Install multiline parser and configure Fluentd for Nginx logs:

fluent-gem install fluent-plugin-multi-format-parser
cp fluent.conf /conf/fluent.conf
sudo pkill -f fluentd
fluentd -c conf/fluent.conf -vv &

A Taste of Splunk

Step1. Download

Fill in the following details and download

Step2. Install

If there is a GUI, click install; otherwise, run

sudo dpkg -i splunk_xxx.deb

Step3. Run splunk

At the first time running splunk, it will ask for the initial setup for the admin account.

cd /opt/splunk/bin/
sudo ./splunk start --accept-license

Step4. Login to splunk

Use the username and password that you set in the last step to login

Step5. Download the data

Let us download some sample data https://data.montgomerycountymd.gov/ https://data.montgomerycountymd.gov/Finance-Tax-Property/County-Spending/vpf9-6irq

Step6. Add the data to splunk

Add Data -> upload from my computer -> select *.csv from ~/Download

Step7. A Few Selection

Source type: this helps Splunk to learn what data you have got. _ You specify a directory as a data source. _ You specify a network input as a data source. * You specify a data source that has been forwarded from another Splunk instance.

Let us select "Automatic" in this short example.

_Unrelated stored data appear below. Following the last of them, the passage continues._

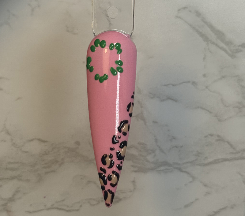 Step #3. Using your dotting tool or detail brush, outline each nude spot with two or three wiggly C shape black lines to create the leopard print design.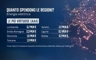 Per quanto riguarda i costi dell'energia elettrica, la Fondazione Gari promuove con una tripla 'A' le seguenti Regioni: Emilia Romagna (2 milioni 362mila euro spesi in bollette per l'energia elettrica); Liguria (769mila euro); Lombardia (5 milioni 731mila euro); Molise (109mila euro); Piemonte (1 milione 520mila euro); Toscana (1 milione 301mila euro); Veneto (1 milione 250mila euro)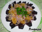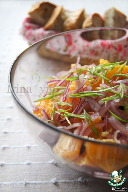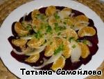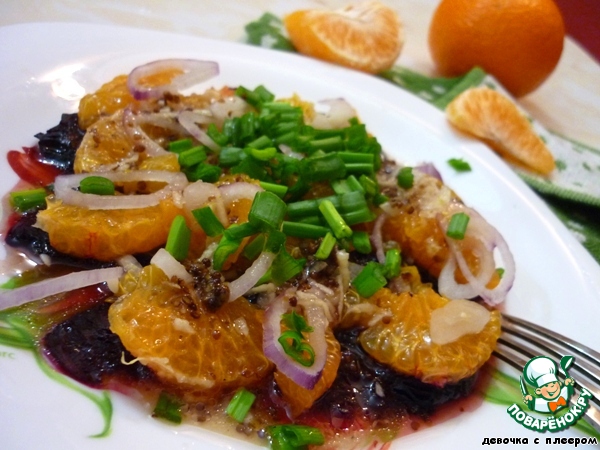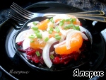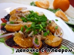 Да, забыла сказать... мандариновые дольки я не очищала, просто надрезала и развернула. И зеленого лука у меня не было...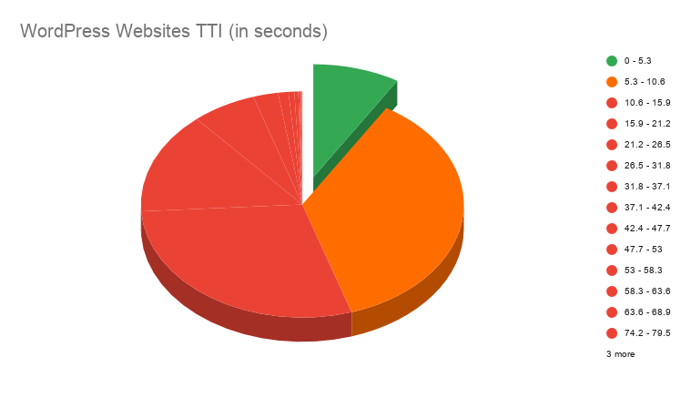 8.71% (826 websites) of tested WordPress websites have fast TTI score 0–5.2s. 3446 websites have moderate TTI scores and the rest are just no good.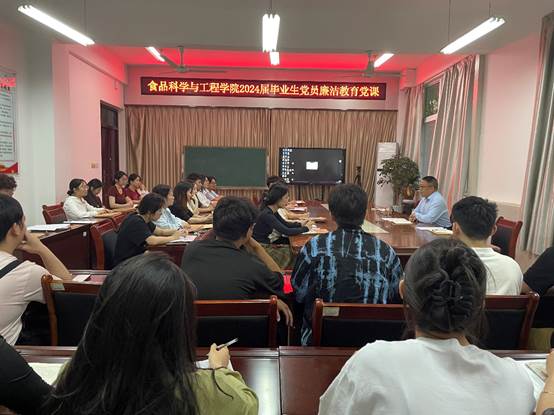 6月4日下午,食品科学与工程学院在科技楼1B206会议室召开了2024届毕业生党员廉洁教育党课。学院党总支书记李海祺主讲,组织员王子伟参加。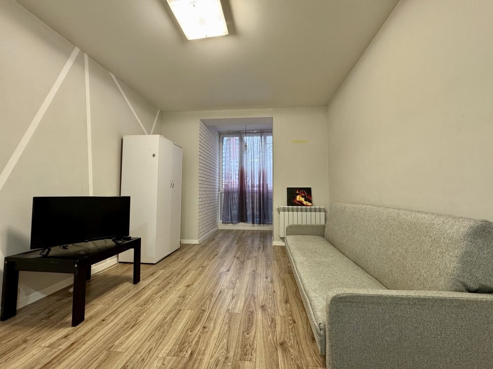 Кімната: двоспальне ліжко, диван( розкладається), робочий стіл, столик, телевізор, шафа, пилосос. Освітлення по зонам.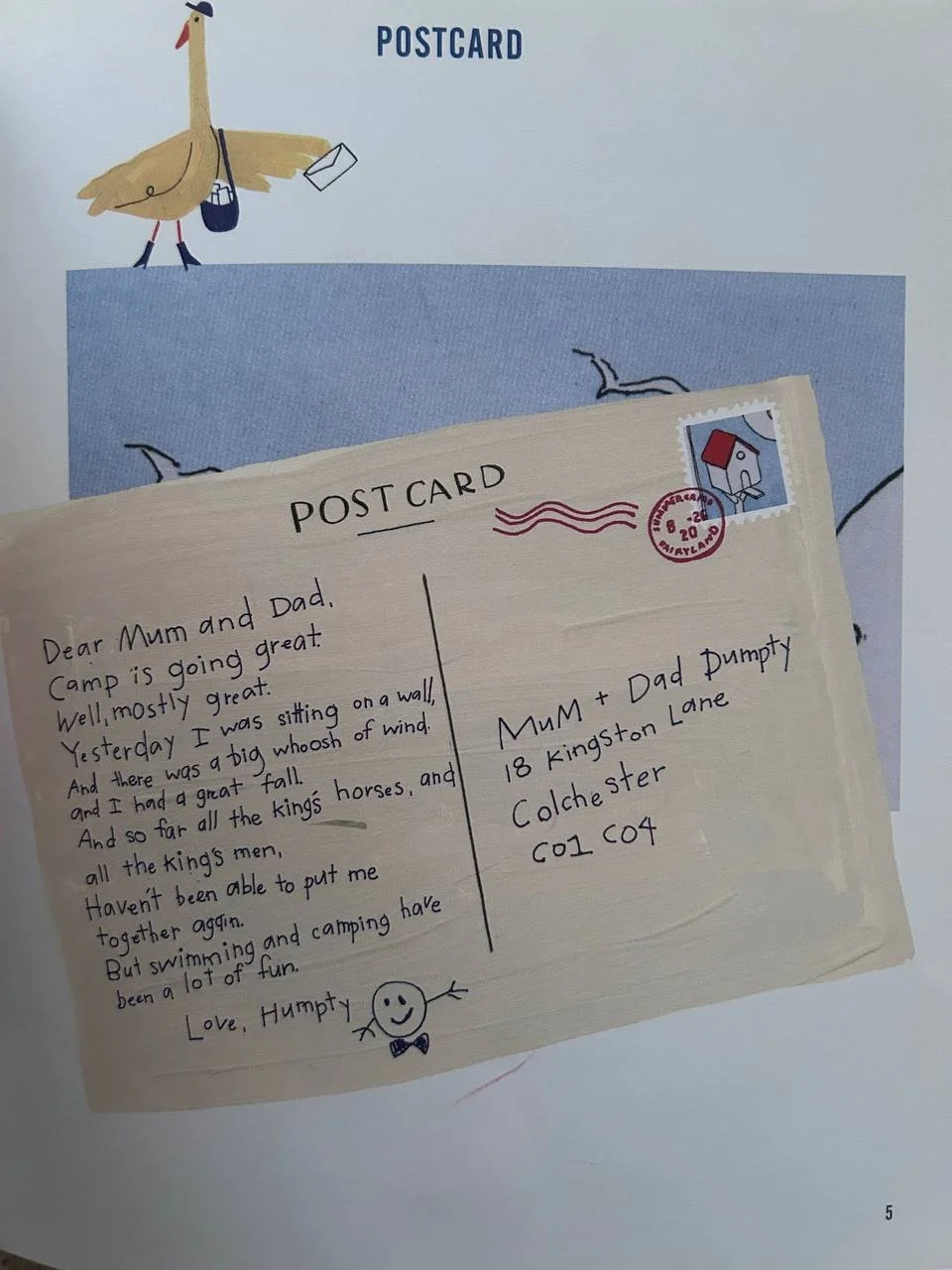 Page 4 is a postcard. Humpty Dumpty sends his mum and dad one and mentions how he had a great fall. This exercise also covers writing addresses and names, including foreign ones when the order is opposite to the UK traditions.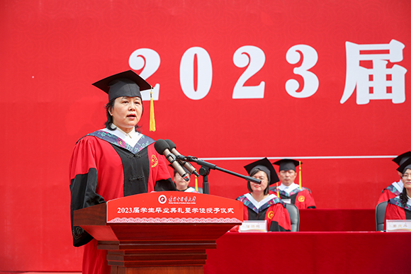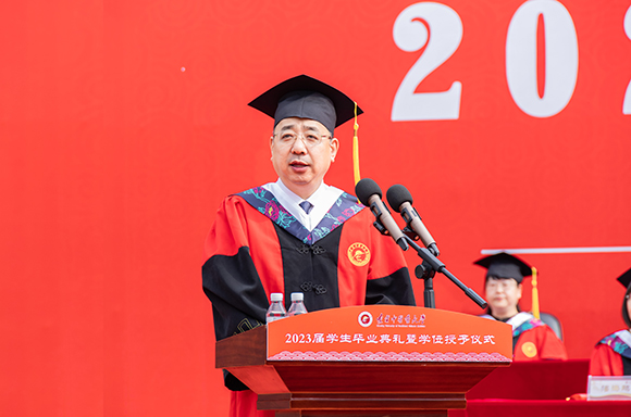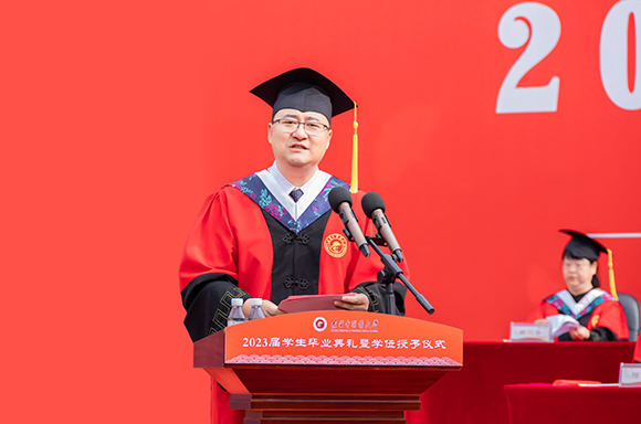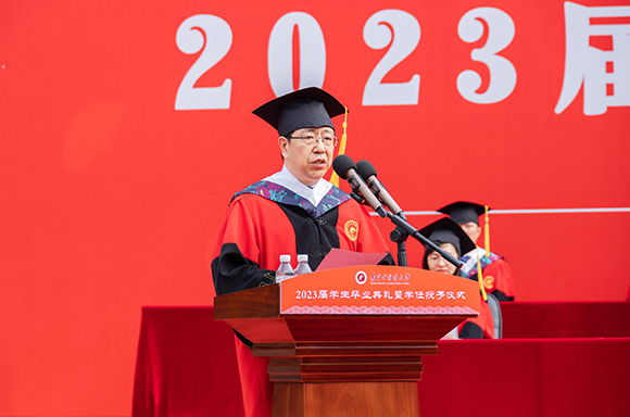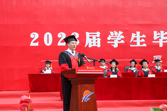 6月26日,學(xué)校2023屆學(xué)生畢業(yè)典禮暨學(xué)位授予儀式在學(xué)校操場(chǎng)隆重舉行。學(xué)校黨委書記、學(xué)位評(píng)定委員會(huì)主席呂曉東,紀(jì)委書記張錦徽,副校長(zhǎng)劉繼東,副校長(zhǎng)戴旭,校友代表李永明及校學(xué)位評(píng)定委員會(huì)委員,研究生導(dǎo)師,機(jī)關(guān)各部處、各學(xué)院領(lǐng)導(dǎo),教師代表,2963名畢業(yè)生參加典禮。700余名學(xué)生家長(zhǎng)受邀到場(chǎng)見證畢業(yè)生撥穗正冠的喜悅時(shí)刻。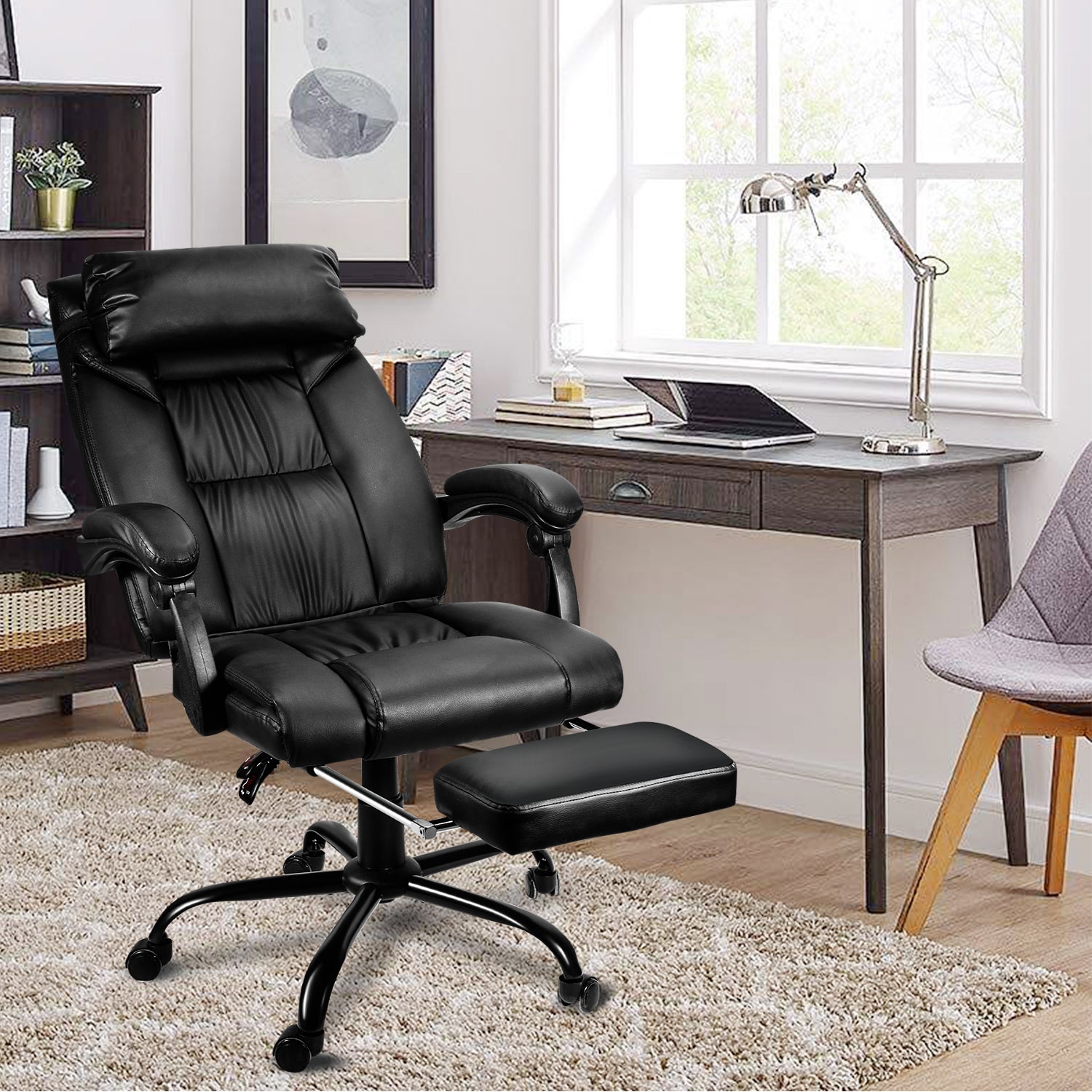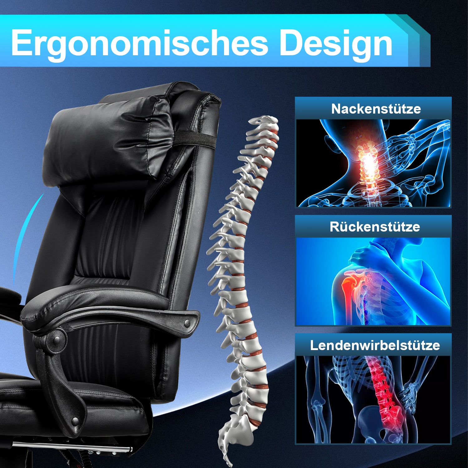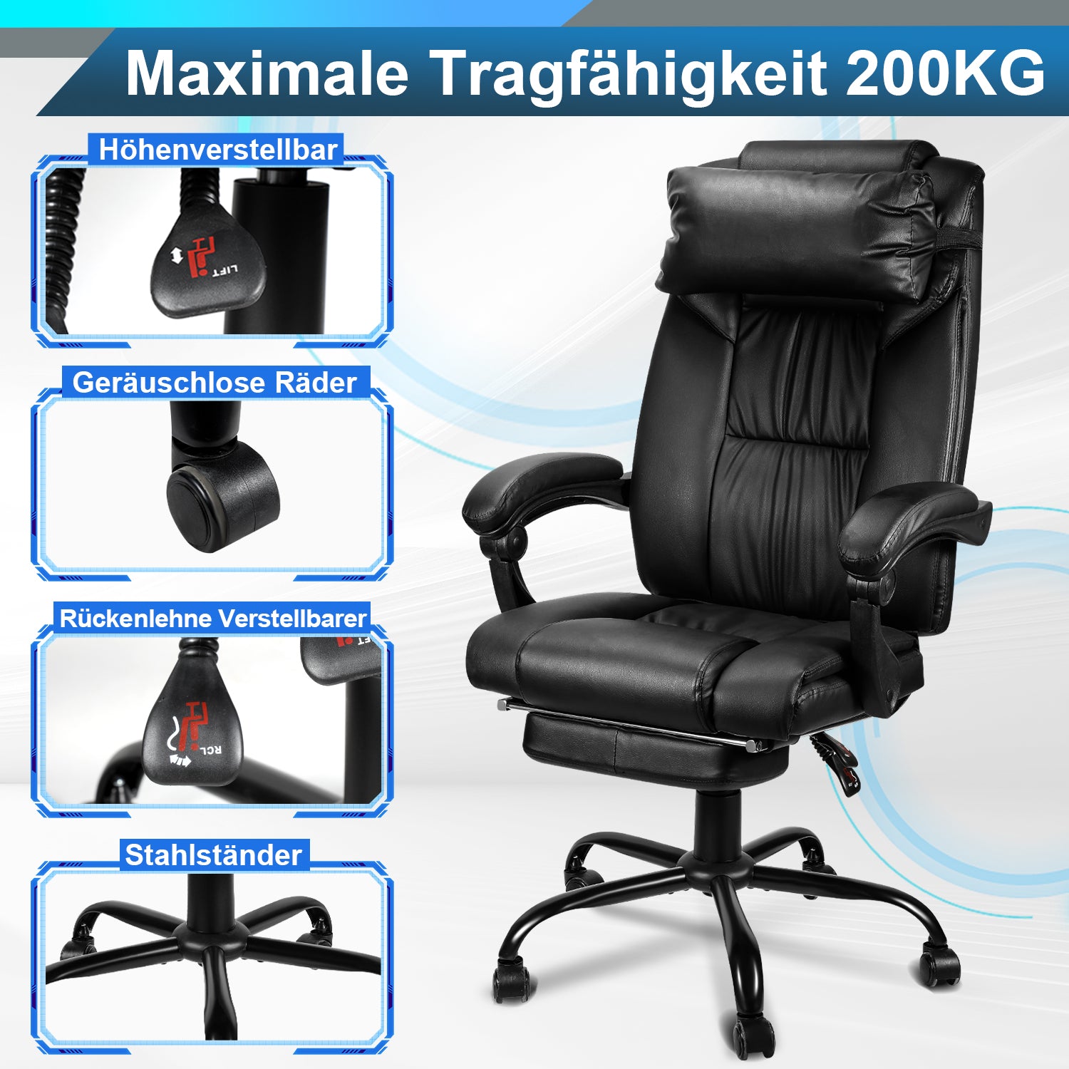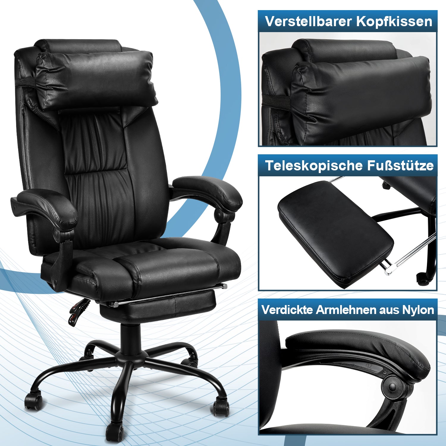【EINSTELLBARES DESIGN】Das verstellbarer Kopfkissen und die teleskopische Fußstütze bieten eine bessere Kopf- und Fußstütze für eine optimale Komforthaltung; die geräuschlosen Räder sorgen für eine ruhige und angenehme Bewegung.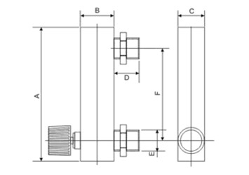 | ml/min(液體) | L/min(氣體) | A | B | C | D | E | F | |||

Host: When the Splunk platform indexes data, each event receives a "host" value. The host value should be the name of the machine from which the event originates. The type of input you choose determines the available configuration options.

Index:The Splunk platform stores incoming data as events in the selected index. Consider using a "sandbox" index as a destination if you have problems determining a source type for your data. A sandbox index lets you troubleshoot your configuration without impacting production indexes. You can always change this setting later.

Let us use the default.

Now choose review

Step9. You should see an error

The error is about Splunk cannot recognise the time format go to /opt/splunk/etc/system/local/props.conf

add the following lines

TIMESTAMP_FIELDS = Invoice Date
TIME_FORMAT=%m/%d/%Y

and restart Splunk

cd /opt/splunk/bin/
./splunk restart

Step10. Reload the data

Now there should be no error. Let us submit the data and start searching!